En
février 2003, une épidémie
d'un nouveau syndrome a fait son apparition. Il
s'agit du syndrome respiratoire aigu sévère,
le SRAS. Cette pneumonie atypique s'est répandue
depuis la province chinoise de Guangdong. Des efforts
considérables ont été déployés
pour contrôler la propagation du SRAS. Il
a malgré cela engendré une peur médiatique.
Était-elle justifiée? Sommes-nous
face à une nouvelle pandémie dévastatrice?

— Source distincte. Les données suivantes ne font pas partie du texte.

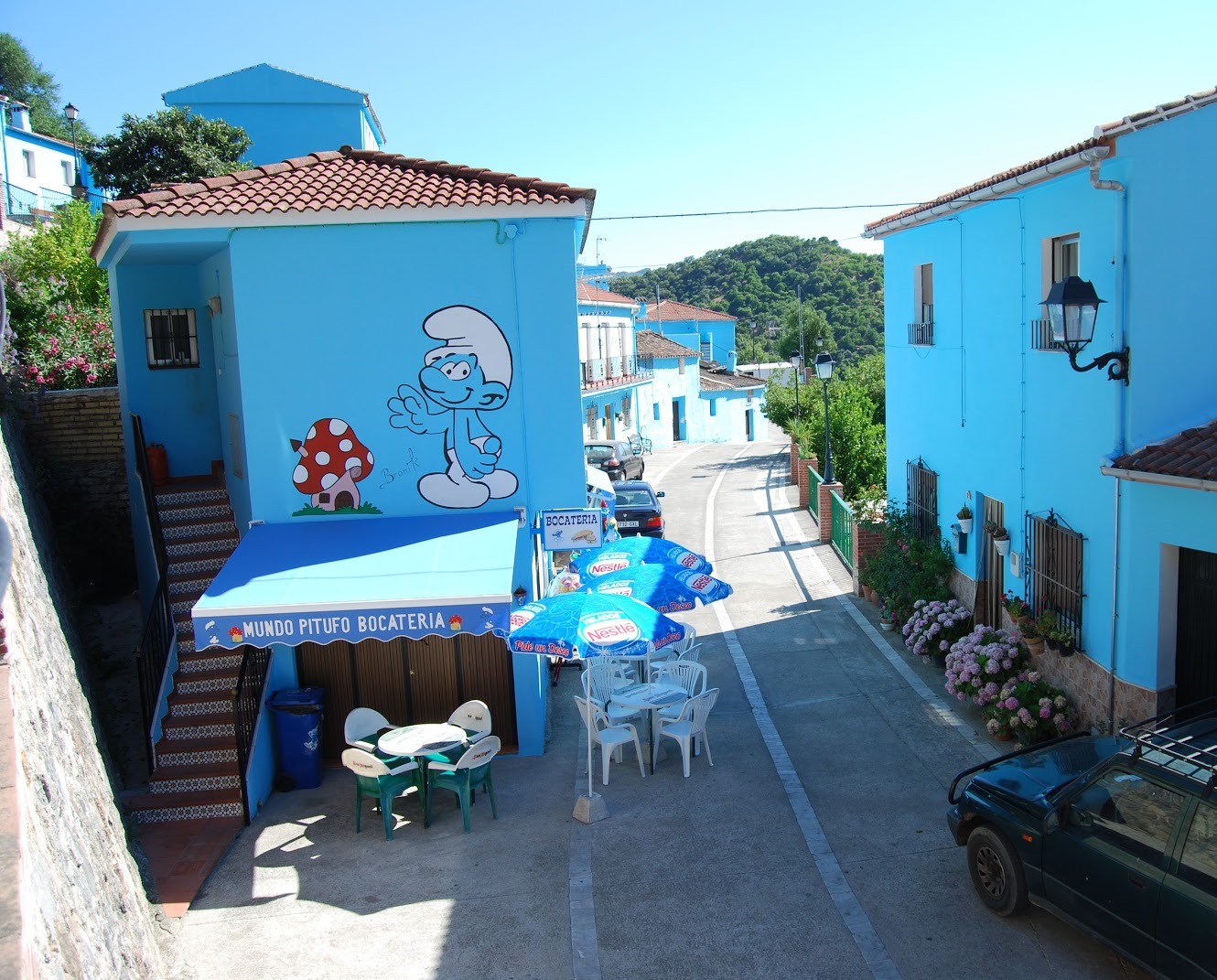 Жители этого андалусского муниципалитета, численность которых составляет менее 250 человек, в 2011 году покрасили фасады всех зданий в синий цвет, в том числе церковь и мэрию. Произошло это после того, как компания Sony Pictures выбрала Хускар местом проведения одного из промо-мероприятий по случаю премьеры фильма «Смурфики». Организаторы пообещали вновь покрасить дома в белый цвет, однако местные жители решили оставить их синими – «город Смурфиков» привлекал множество туристов. «Возникают некоторые жалобы, однако в большинстве своем горожане довольны», - говорит мэр Давид Фернандес.

Une mise au point sur ce syndrome qui, malgré
les nombreux décès, a fait plus de
peur que de mal.
Février
2003. Hong-Kong. Une nouvelle maladie prend d'assaut
cette ville de 7 millions d'habitants, la plus dense
d'Asie. Il s'agit d'une pneumonie atypique :
le syndrome respiratoire aigu sévère,
le SRAS. Elle se répand rapidement à
Singapour, puis au Viêtnam, et elle atteint
même le Canada. Plusieurs personnes en meurent.
L'OMS déclenche alors
une alerte mondiale. La principale peur? Que cette
maladie soit la nouvelle souche mortelle tant redoutée
de la grippe, l'influenza. Bilan après deux
mois de propagation : plus de 4000 cas d'infection,
et près de 300 morts. L'histoire fait la
une des médias. Une panique s'empare des
villes touchées. Mais y a-t-il lieu de s'inquiéter?
« Je
pense que dans la mentalité humaine,
il y a toujours cette peur de la maladie,
ça c'est la première chose.
Il y a la peur de l'inconnu. Et c'est toujours
intéressant de voir comment, finalement,
on se retrouve un peu comme au Moyen-Âge.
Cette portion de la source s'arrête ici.